An improvised performance of a guitarist playing together with an artificial agent controlling the live sound processing like a toddler playing around with its parent's effects pedals
This performance features the coadaptive audiovisual instrument CAVI for collaborative human-machine improvisation. The system details are presented in a related paper submission for this year’s NIME, entitled “CAVI: A Coadaptive Audiovisual Instrument–Composition” . Briefly, CAVI tracks muscle and motion data of a performer's actions and uses deep learning to generate control signals used in a live sound processing system based on layered time-based effects modules. In addition, CAVI also has a virtual body that is present visually on stage (Image 1).
The artistic motivation of the project is related to how elements of surprise can emerge between a human performer and a computer-based musical agent. We explore this through CAVI, which builds on a dataset collected in a previous laboratory study of the sound-producing actions of guitarists . The particular dataset used in this project consists of electromyogram (EMG) and acceleration (ACC) data of thirty-three guitarists playing a number of basic sound-producing actions (impulsive, sustained, and iterative) and free improvisations. In the performance setup, CAVI continuously monitors the data streamed from a Myo armband located on the right forearm of the guitarist, which consists of 4-channel EMG and 3-channel ACC data. These data streams are used to generate new control signals akin to what will likely come next (Image 2).

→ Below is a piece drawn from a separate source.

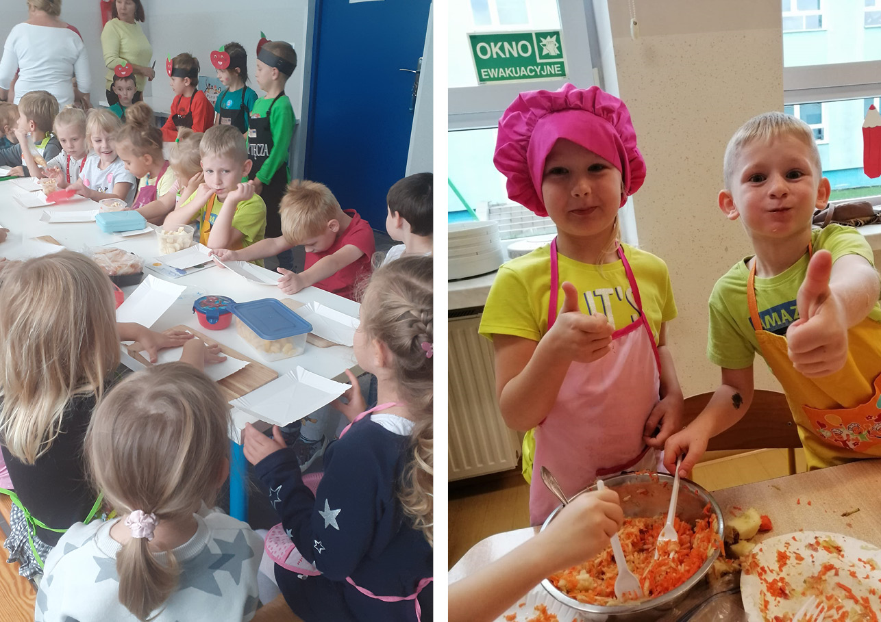 Tęczowe Przedszkolaki obchodziły Dzień Jabłka zdrowo i smacznie. Samodzielnie przygotowały owocowo warzywne sałatki , pieczone jabłuszka, owocowe koreczki oraz ciasteczka z jabłkiem. Mniam mniam!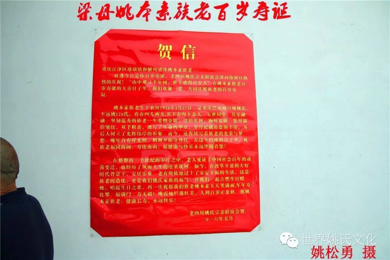 姚本素族老生于农历1916年3月27日。是重庆巴南桥口坝姚氏,平远姚126代,育有四儿两女,名下有四十余人。五世同堂,其乐融融。坚韧蕴秀的族老一生爱憎分明,淡泊名利,胸怀宽阔。您用满脸皱纹,双手粗茧,谱写了生命的华章,岁月记载着您的辛劳,为后人树立了光辉伟岸的形象。而今,还在续写着族老的光荣与梦想。晚年自有祥光照,鹤舞夕阳分外红。在这个特殊的日子里,祝族老福同海阔、寿比南山,愿健康与快乐永远伴随着您!

CAVI is concerned with (1) how musical agents can interact with a performer’s body motion and (2) how artists can diversify performance repertoires using AI technologies. This results in serendipitous performances, based on the interaction between the human guitarist and the artificial agent. Video 1 is a recording of the premiere of CAVI in 2021, featuring a human performer that had little experience with the system prior to the concert. For this NIME performance, CAVI’s creator will perform with the system, using improved mappings, model optimization, sound mix, and spatialization. We will also include the Self-playing Guitars that were presented as part of an online installation, Strings On-Line, during NIME 2020 (Video 2). In doing so, we aim to address this year’s special call for music option, “NIME with a story,” and enhance the piece’s multi-agent structure using acoustic guitars that interact with the environment autonomously via Bela boards, actuators, and sound and motion sensors. Thus, the final performance setup will comprise an electric guitarist human performer, a virtual agent responsible for live sound processing, and six self-playing guitars.
“New NIME” - traditional NIME music sessions aimed at showcasing pieces performed or composed with new interfaces for musical expression.
NIME with a story - dedicated to NIMEs that have been presented before.
Imagine playing your electric guitar through effects pedals while someone else is tweaking the pedal knobs. What if that person was a toddler with limited motor abilities and without a deeper understanding of your musical intentions. Would you be annoyed or waive the control and enjoy playing together?
CAVI is a coadaptive audiovisual instrument based on artificial intelligence (AI). It generates its own control signals based on muscle and motion data of the human performer's actions. The generated control signals automate the live sound processing of the human performer’s instrumental sound. CAVI also manifests through an animated virtual body. For this NIME performance, CAVI’s creator will perform with the system. The performance will also feature the Self-playing Guitars that were used in an interactive installation during NIME 2020. These guitars interact with the environment autonomously through onboard computers, sensors, and actuators.
CAVI is still developing and learning, and its capabilities can at the moment best be described as a musical AI “toddler.” Its emerging human-machine interactions cruise on the limits between enriching vs. competing. The main drive is to challenge the guitarist’s embodied knowledge and musical intentions. CAVI aims to invite the NIME audience to rethink this year’s theme, “decolonizing musical interfaces,” through an instrument–composition that breaks with the traditional Western notions of authorship and control in music composition and performance.
The training dataset of CAVI was collected through a series of recording sessions as part of an experiment for an ongoing study. We recruited participants through an online invitation published at the University of Oslo and announced the experiment in various communication channels. Such a recruitment method had some consequences. The diversity of participants was limited to whoever volunteered. Unfortunately, we only had one female participant. In addition, the recruitment award (a gift car worth approx. €30) did not appeal to professional musicians. The thirty-six participants who took part in the study were primarily semi-professional musicians and music students. CAVI is built on the idea of predicting the performer’s next move. However, such dataset limitations should be considered obstacles to generalizing the statistical results.
Before conducting the experiments, we obtained ethical approval from the Norwegian Center for Research Data (NSD), Project Number 872789. The datasets and codes for running all experiments have been released online. That makes the work comply with open access and open data principles.
This work was partially supported by the Research Council of Norway (project 262762) and NordForsk (project 86892).